Olaleye, O.A. & Osuagwu, D.C. (2020) have posited that ‘Fela, being a
positive social critic, made musical contributions that remain memorable
and his prophetic pronouncements continue to haunt the Nigerian society.
His music instilled patriotic and nationalistic feelings in the society and
his lyrics helped in the control and articulation of government
programme. In contending the ultimate value of Afro beats musical art of
Fela; it is necessary for the listener to individualize and differentiate his
musical contributions from his individual lifestyle. In the judgmental
ream, many practicing pop musicians have allowed their personal
indiscipline to override their excellence musical contributions. Therefore,
listeners must distinguish between moral values and individual values for
a great understanding of the Afro beats music’.

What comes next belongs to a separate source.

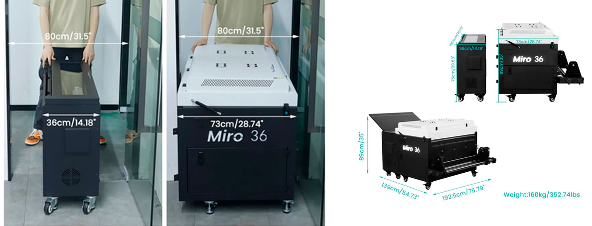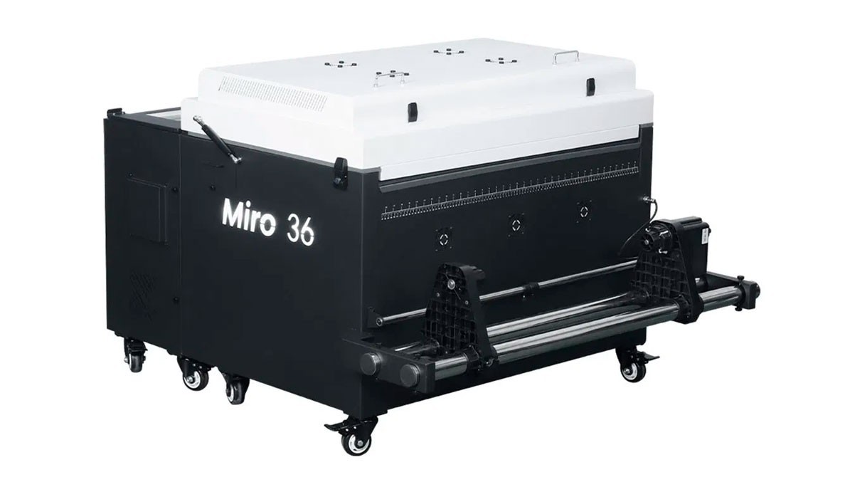 Miro 36 Shaker je kompatibilní s jakoukoli DTF tiskárnou s šířkou tisku do 90 cm (36”) a rychlostí pod 9 m²/hod, což z něj činí flexibilní řešení pro různá pracoviště.

As a political and cultural commentator and Black Power activist, some


of Fela’s pro-human rights and anti-establishment in- and out-of-music
articulations, and his non-conformist cultural demeanor, caused him to
clash with the Nigerian governments. He described such governments as
“Uncle Tom” neocolonial agents of greed and corruption and insensitive
Gestapo-like regimes (Gegauff, D. , 1982).

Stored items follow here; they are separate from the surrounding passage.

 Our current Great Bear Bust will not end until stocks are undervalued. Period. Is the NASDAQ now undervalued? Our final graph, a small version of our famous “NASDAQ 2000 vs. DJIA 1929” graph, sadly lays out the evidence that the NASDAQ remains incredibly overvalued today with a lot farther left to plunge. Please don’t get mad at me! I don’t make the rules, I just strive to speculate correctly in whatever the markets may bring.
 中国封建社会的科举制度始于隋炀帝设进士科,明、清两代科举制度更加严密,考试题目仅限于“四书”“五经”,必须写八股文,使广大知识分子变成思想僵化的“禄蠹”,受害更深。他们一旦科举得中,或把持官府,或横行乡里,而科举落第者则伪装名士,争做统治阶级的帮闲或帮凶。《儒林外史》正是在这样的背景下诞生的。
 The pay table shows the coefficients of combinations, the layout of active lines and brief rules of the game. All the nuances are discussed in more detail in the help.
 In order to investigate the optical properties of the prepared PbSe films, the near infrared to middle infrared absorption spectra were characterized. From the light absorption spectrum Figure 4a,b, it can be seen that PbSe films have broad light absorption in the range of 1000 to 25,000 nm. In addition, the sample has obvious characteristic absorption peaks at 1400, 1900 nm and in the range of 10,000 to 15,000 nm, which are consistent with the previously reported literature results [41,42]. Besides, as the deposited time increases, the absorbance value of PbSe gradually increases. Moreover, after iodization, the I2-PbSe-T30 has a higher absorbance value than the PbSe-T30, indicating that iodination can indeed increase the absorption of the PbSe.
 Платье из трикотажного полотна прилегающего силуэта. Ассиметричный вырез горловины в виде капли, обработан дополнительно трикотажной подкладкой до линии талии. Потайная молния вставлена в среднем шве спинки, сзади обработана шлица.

‘Fela lampooned the high-handedness of police officers and soldiers in


“Alagbon Close” and “Zombie”. His disdain for the ‘foreign imported’
religions of Christianity and Islam and his belief that they served as an
opiate for the masses was reflected in “Shuffering and Shmiling”. His
uncompromising position on eschewing the colonial-derived mentality
and promoting black pride formed the backdrop to his dropping
‘Ransome’ from his surname. In its stead, he adopted the name
‘Anikulapo’ which means “he who carries death in his pouch”.He had
established his pan-African outlook via his album “Why Black Man Dey
Suffer” in 1971 but when criticising the racist regimes of Rhodesia and
South Africa in songs like “Sorrow, Tears and Blood” and “Beasts of No
Nation”, did not fail to remind his listeners of the hypocrisy and the
brutality of Nigeria’s military rulers. He sang against imperialism and
neocolonialism while pointing out that he felt certain of Nigeria’s elite
such as the wealthy businessman, Moshood Abiola were agents of the
Central Intelligence Agency. Corruption and the inhumanity of Nigeria’s
elites were a consistent topic for Fela in his recordings, his stage banter at
his popular club ‘The Shrine’ and in his frequent utterances to the press.
When Nigeria hosted the Second World Black and African Festival of
Arts and Culture in 1977, he refused to perform at the gathering in protest
at the corruption surrounding the event.
The bringing together of artistic talent from Africa and the African
Diaspora had appealed to the Pan-Africanist sentiments of Fela who as a
young boy had been introduced to its greatest champion, Ghana’s Kwame
Nkrumah, by his mother. He felt that the gathering could be used to
“redirect the thinking of the common man”. Fela would pay a heavy price
for his harangues. Less than a week after the end of the festival, the army
surrounded his commune, known as the Kalakuta Republic, before
storming it. Its inhabitants, not least Fela were beaten and the female
members of his entourage sexually violated. Fela’s mother who resided at
the residence was thrown from a first floor window and although initially
surviving the attack died a few months later from injuries that she
sustained.

It was a dark period for Fela. He spent 27 days in jail and suffered
different bone fractures. He was put on trial and an official inquiry
whitewashed the invasion and destruction of his compound concluding
that the damage to his property had been perpetrated by “an exasperated
and unknown soldier”.’(Makinde A. 2017).